Quando faz a pergunta, Vanessa Mara da Cruz Borges, 36, está pronta para qualquer tipo de resposta. Como ela mesma diz, sempre sai de casa em busca do "sim", mas o "não" também a faz crescer. E quando a negativa aparece, já sabe o que dirá em seguida.
"Não gosta de brownie? Mas já experimentou o meu?"
Não é uma técnica de vendas nova, mas a cartada vem a seguir. Ela explica os sabores da Cacau Crioula, sua marca própria. Um deles sempre chama a atenção: brownie de gengibre com dendê. Quem compra imediatamente passa a fazer parte do que chama de "nação brownera".
"Na rua, tenho de abordar as pessoas, não espero que elas venham até mim. Rua não é shopping center. Eu tinha muito medo, era insegura para falar e contar o que vendia. Mas isso passou. Eu saio fortalecida de cada venda. Sei o que estou fazendo. Confio no meu produto e no meu negócio", afirma.
Inscrita no Prêmio Academia Assaí, ela foi escolhida a melhor na categoria vendedor ambulante. Ganhou R$ 20 mil, vale-compras no supermercado e uma assessoria empresarial individualizada.
Era um futuro que ela jamais poderia imaginar no início de 2020 quando, grávida, abandonou um relacionamento abusivo no interior da Bahia para ir morar em Salvador. Poucas semanas depois começava a dar aulas de zumba, sua então profissão, e todas as academias fecharam por causa da pandemia da Covid-19. Quando Laura nasceu, a mãe não sabia o que fazer da vida.
"As festas de aniversário [na verdade, a cada mês de vida da criança, o que foi chamado de "mêsversário"] me davam força, porque era uma terapia. Eu me concentrava nisso. Mas havia a questão financeira. Eu tinha de fazer alguma coisa para a gente comer, morar, comprar as coisas que ela precisava", relembra.
Vanessa não sabia cozinhar. Pelo menos não para vender para os outros. Resolveu tentar bolos. Não deu certo. Quando as restrições da pandemia foram relaxadas, apostou no brigadeiro, mas percebeu que a concorrência era enorme. Ela precisava de um diferencial. Uma cliente a lembrou de que não havia ninguém —que ela soubesse— em Salvador, vendendo brownie.
"Eu nem sabia o que era isso", confessa.
Começou a testar receitas que encontrou no YouTube. Pesquisou em sites pelo Google. Experimentou por meses e, mesmo depois que começou a vender seu produto, confessa que não estava satisfeita. Levou dois anos, afirma, para chegar ao seu sabor, ao que considera ideal. O sabor da Cacau Crioula.
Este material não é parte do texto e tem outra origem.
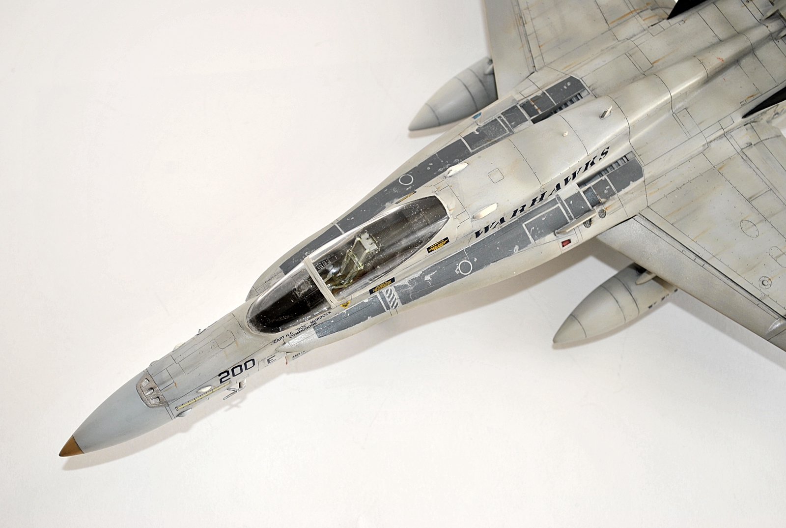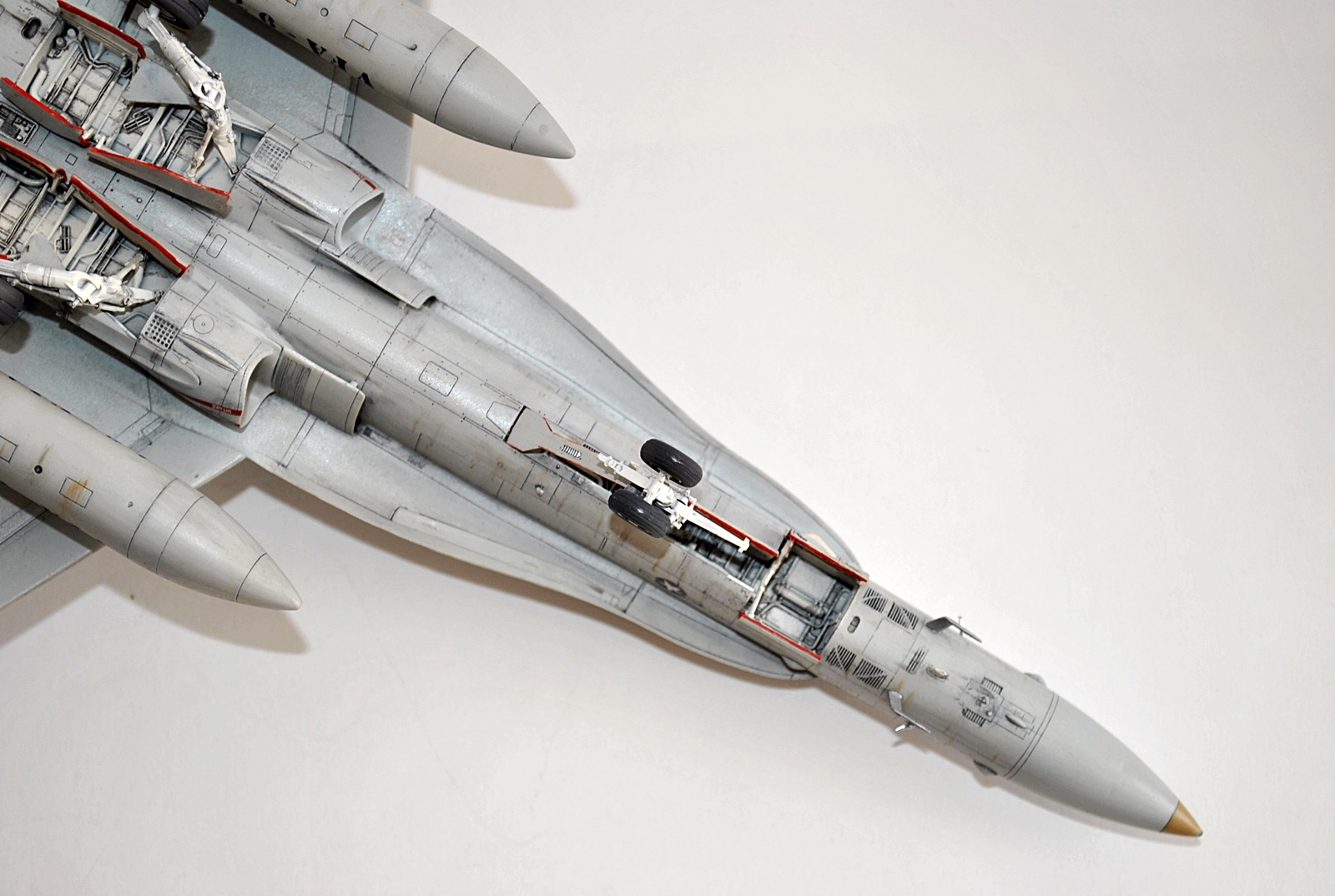 У Вас за фонарем два наплыва антенн и снизу за воздухозаборниками перед нишами два наплыва антенн, которые на модификации С не нужны. А за этими наплывами снизу не решетки вентиляции, а блоки с тепловыми ловушками, которые не могут быть окрашены в цвет низа самолета. Штырьки на носовой части под строевыми огнями не должны быть наклонены по полету как усы. Это датчики угла атаки, они должны быть перпендикулярны бортам.
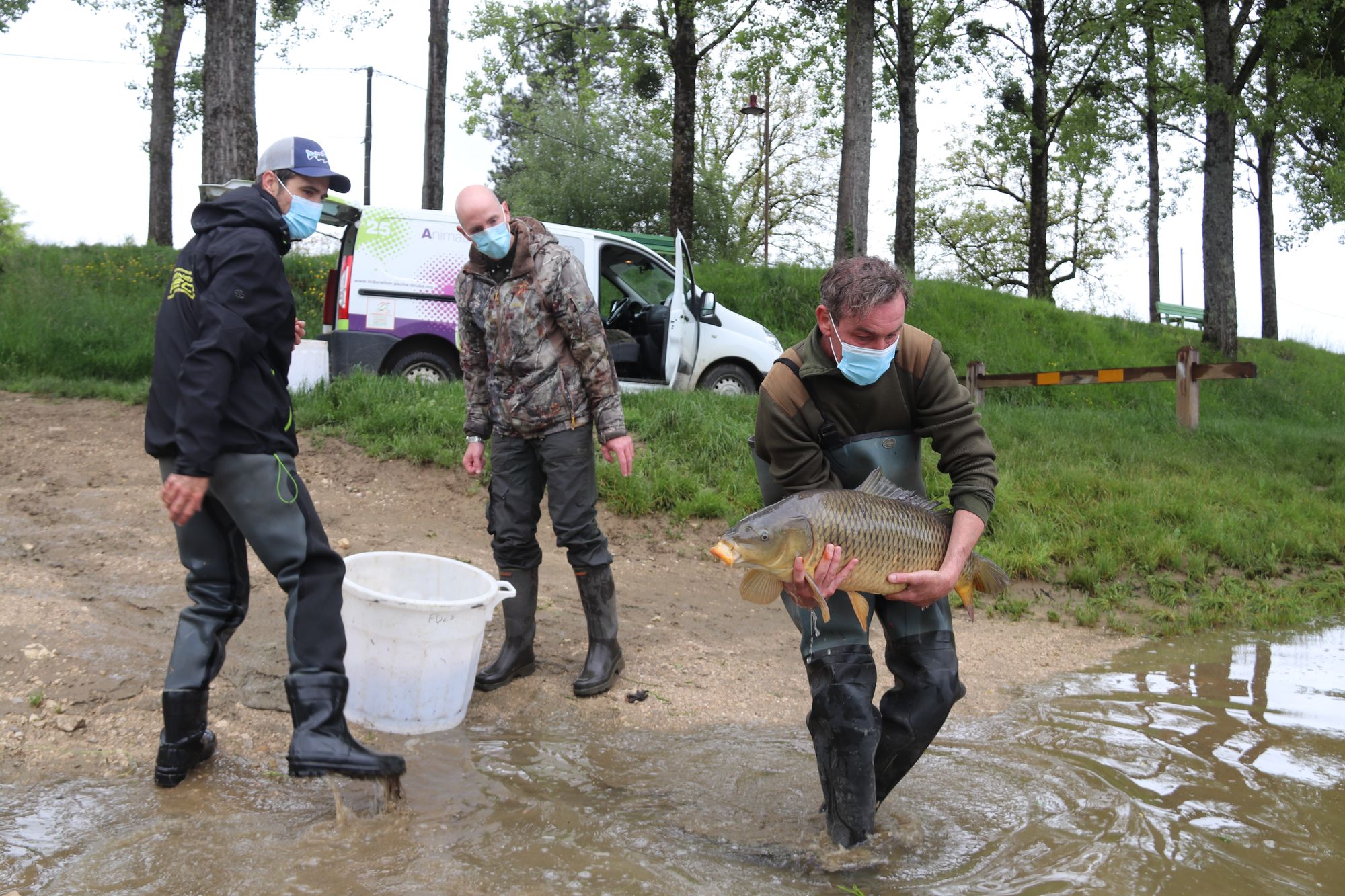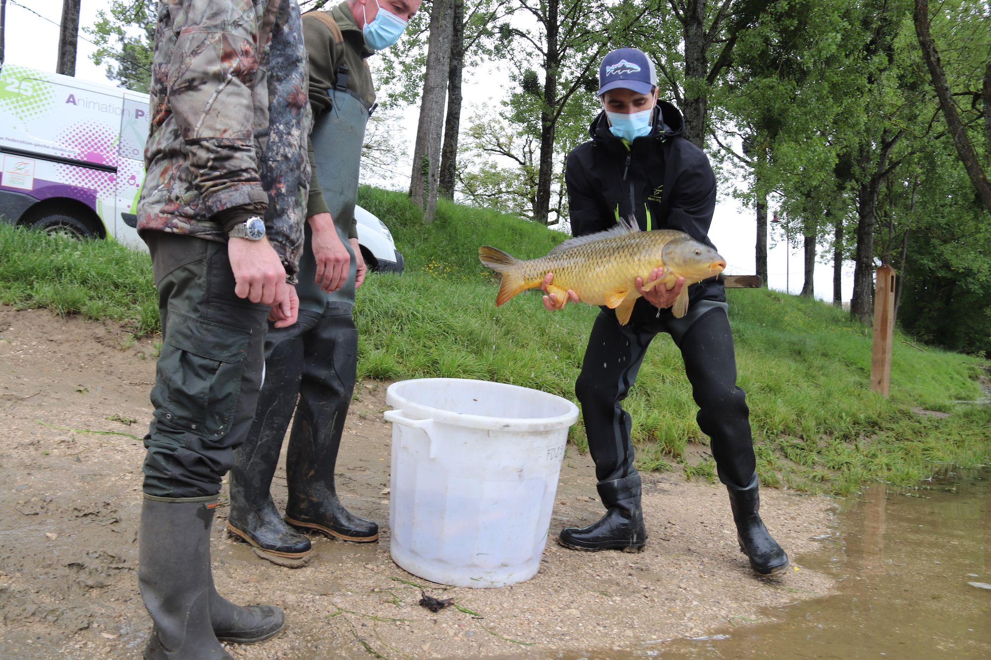 Sans l'aide des deux techniciens, ces carpes auraient péri. Ce cours d'eau, modelé par la main de l'homme, est canalisé par endroits. Lorsque l'eau redescend, la faune aquatique n'est pas en capacité de surmonter les obstacles pour retrouver le lit du Doubs.
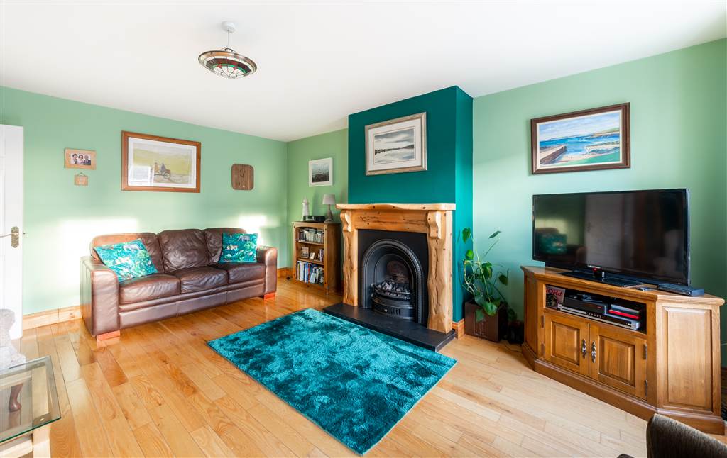 Solid wood flooring, attractive fireplace with wood surround & gas fire, ceramic hearth, double panelled radiator.
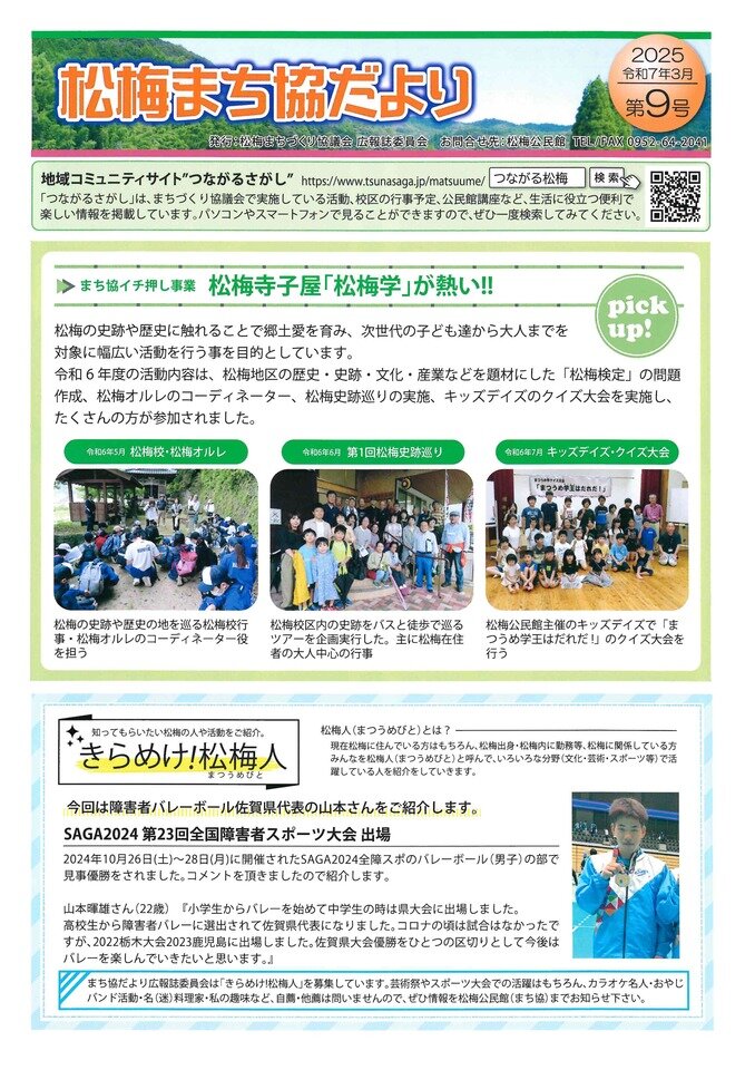 松梅まちづくり協議会広報誌委員会は、令和7年3月付け「松梅まち協だより」第9号を発行しました。 掲載内容は、 ○まち協イチ押し事業 松梅寺子屋「松梅学」が熱い!! ○きらめけ!松梅人 ○2024年のまち協イベントをピックアップ 松梅Photo通信 ○非常備蓄用の自動販売機の設置のお知らせです。
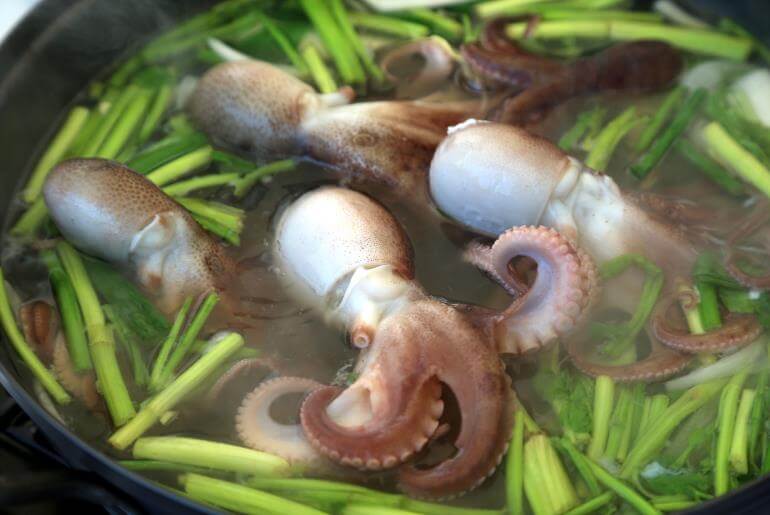 신선한 주꾸미와 야채를 담백한 육수에 살짝 데쳐 먹는 건강식으로, 주꾸미 본연의 맛을 제대로 살리는 요리입니다.
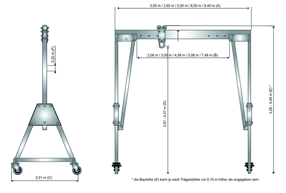 Baulänge A:3,00 m / 3,92 m / 5,50 m / 6,00 m / 8,40 m**
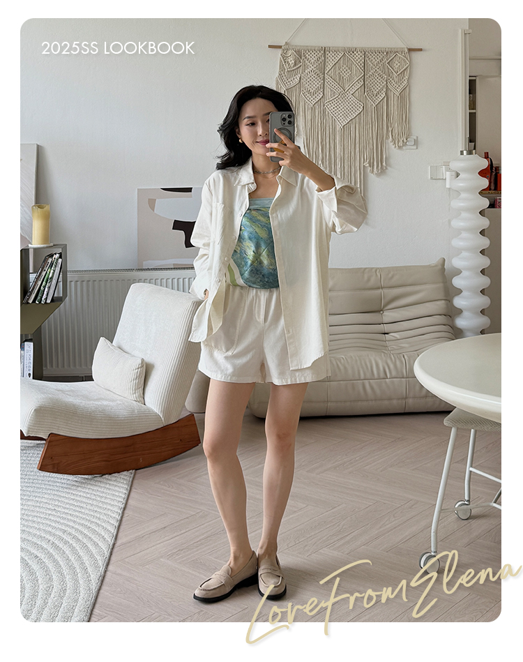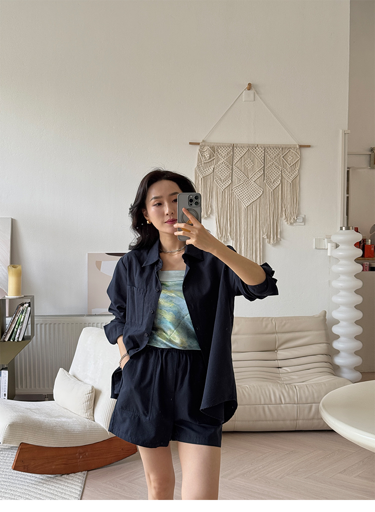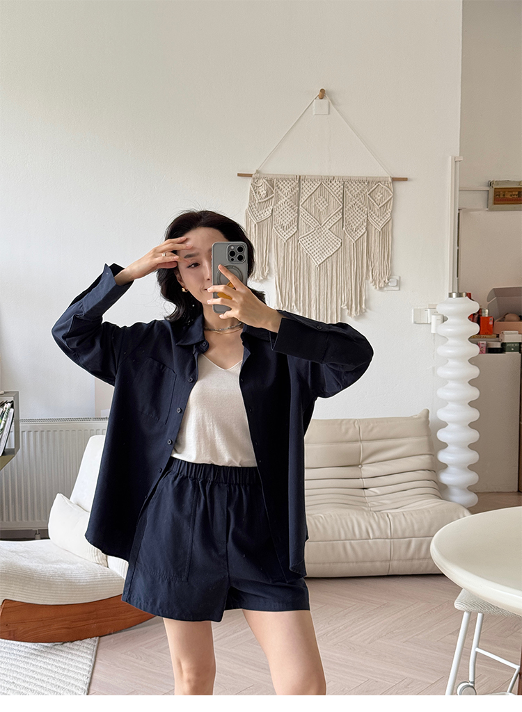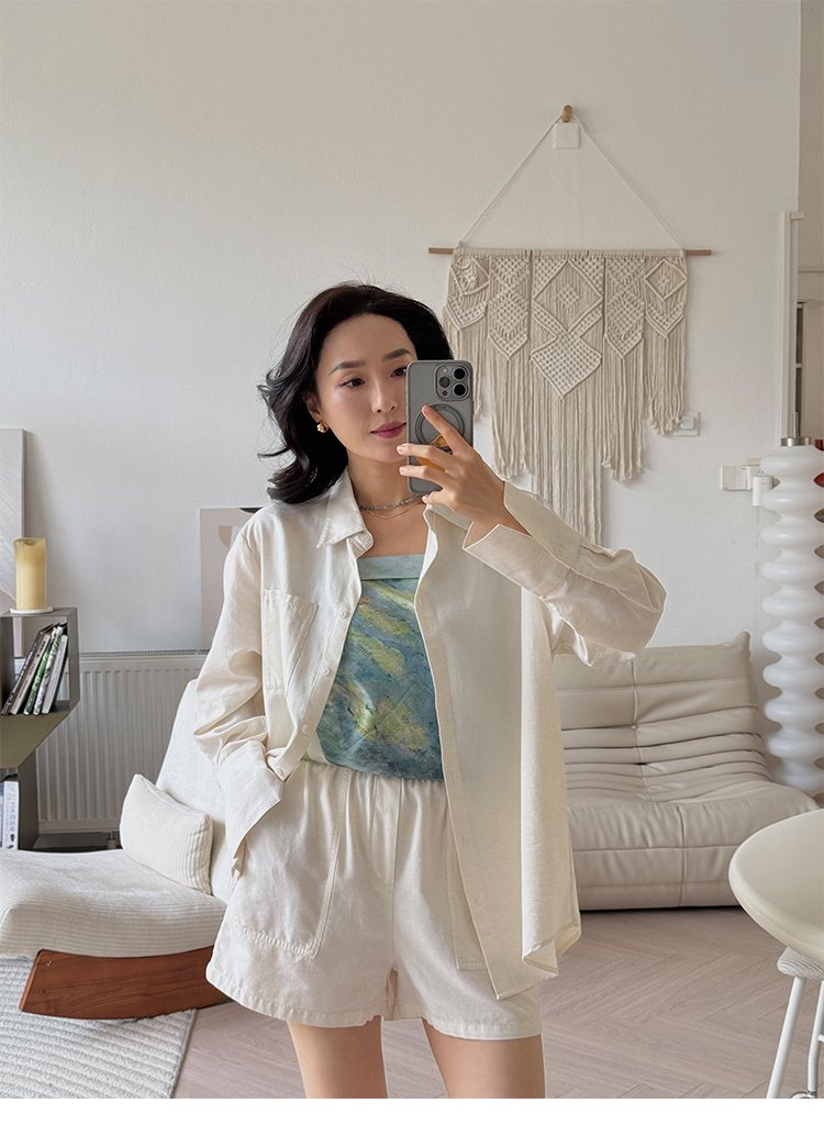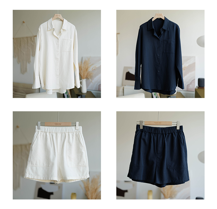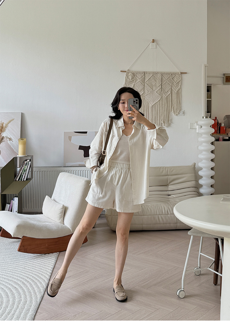 亚麻混纺 宽松简约休闲感衬衣&短裤套装
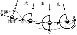 小题1:当日全食发生时,月球在下图中的位置是
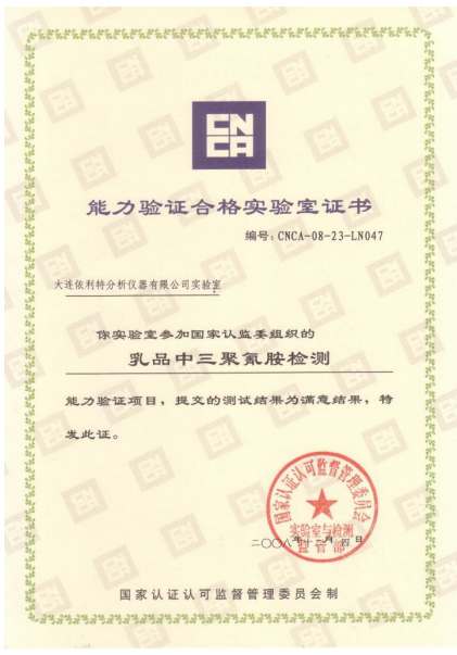 大連依利特分析儀器有限公司作為國內(nèi)知名廠家,秉承著 “質(zhì)量更佳、服務(wù)更優(yōu)、創(chuàng)新更快” 的理念,二十年來為食品安全、藥品檢測及高校應(yīng)用等眾多行業(yè)提供著完善的分析方法及先進的儀器配置。從蘇丹紅、孔雀石綠到 “三鹿奶粉三聚氰胺” 事件,關(guān)系著國計民生的 “食品安全” 問題一次次為我們敲響警鐘,并引起社會廣泛關(guān)注。針對 “三聚氰胺” 事件,依利特人在第一時間做出反應(yīng),榮獲由國家認證認可監(jiān)督管理委員會頒發(fā)的 “能力驗證合格實驗室證書”,并且按照 GB/T 22388-2008《原料乳與乳制品中三聚氰胺檢測方法》、GB/T 22400-2008《原料乳中三聚氰胺快速檢測 液相色譜法》的國家標準,在經(jīng)過大量實驗驗證后,提供出符合國標的三聚氰胺檢測解決方案,包括分析方法驗證及推薦儀器配置在內(nèi)的全套解決方案。
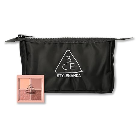 [Set] 3CE Mini Multi-Eye Color Palette D Side by Side + 3CE Pouch Small Black Cosmetic Pouch Travel Pouch
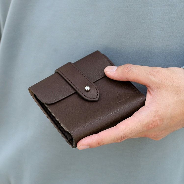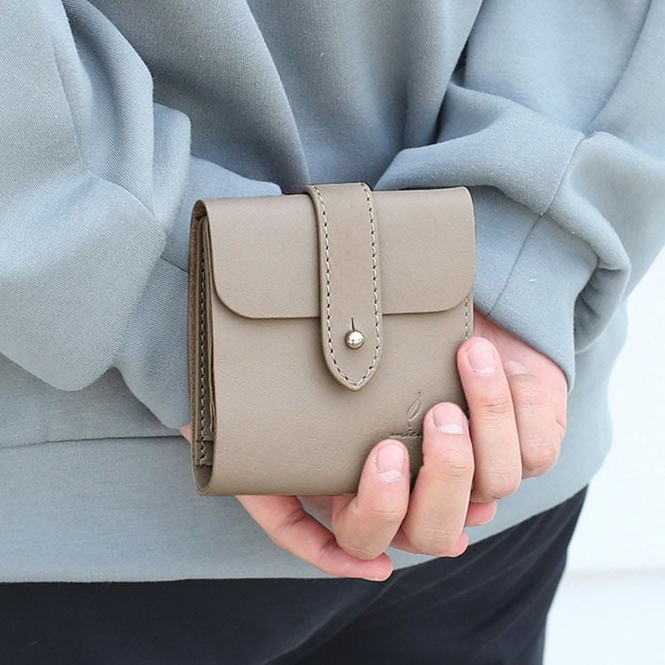 手軽に使える革製品を提案するmienoから、 素材にこだわる大人のための新シリーズ登場。 使っていく人のセンスを格上げしてくれる nova(ノヴァ)レザー折り財布をお楽しみください。 本革ならではの温もりのある風合い。 味のある表情で大人っぽい雰囲気を プラスしてくれます。 くったり柔らかな革が手に馴染んで心地いい。 革の素朴な風合いを楽しめる シンプルデザインの折り財布。 お財布を開くと左側にカードホルダーが3つ、 右側にはポケットが1つと、小銭入れがあります。 小銭入れはスナップボタンで開閉し、 マチ付きなので中身の出し入れもしやすいです。 柔らかな革なので紙幣入れが がばっと大きく開きます。 中の確認がしやすく出し入れも しやすいのが嬉しいポイントです。 カードホルダーの下にチケット類を 挟んでおけるスペースがあります。 切符などの小さなものはもちろん、 大きめのクーポンや領収書など、 一時保管するのに便利なスペースです。 くたっとした柔らかな質感が特徴のノヴァレザー。 ナチュラルテイストな風合いで上品な印象。 長く愛用したくなる味わいのある革。 表面は一枚のノヴァレザーで仕立てています。 革の質感を存分に楽しめるシンプルな作りです。

A professora de dança que não sabia bem como vender o produto encontrou seu lugar no Rio Vermelho, região próxima à comunidade em que vive, conhecida pelos bares e ecletismo. Quem não sabia sequer o que era brownie hoje recita expressões como "pitch de vendas", qual o "mindset" a ser empregado e o "rebranding" pelo qual a Cacau Crioula passou nos últimos tempos, com mudança e mensagens impressas nas embalagens.
"A rua tem esse poder. Nossos negócios movimentam a economia do país, mas não somos valorizados. Ao contrário, há pessoas que nos veem com muito preconceito", reclama.
Donos de restaurantes que barram outros vendedores permitem que Vanessa entre para oferecer seus produtos de caramelo salgado, nutella com amendoim e, claro, dendê e gengibre.
"O prêmio me deu a certeza que estou no caminho certo. É um alívio perceber isso porque, quando comecei, não sabia para onde isso tudo ia me levar. O negócio nasceu por uma necessidade imediata, não porque planejava", completa.
Com o dinheiro, ela comprou um estande de plástico maior para exibir os brownies. Quer montar uma cozinha semiprofissional em um cômodo ao lado de sua casa. Tem planos de atender eventos corporativos. Ou, para usar uma palavra que ela sequer sonhou em empregar no início de 2020: expandir. Mas sempre com um pé na rua. Sempre como ambulante.
As aulas de dança ficaram no passado. Quando a pandemia acabou, recebeu convites e voltou a dar algumas, mas descobriu que não tinha mais tempo. Sua prioridade passara a ser atender a nação brownera.
"Eu sou uma mulher preta e periférica. Sei o quanto tudo isso foi desafiador".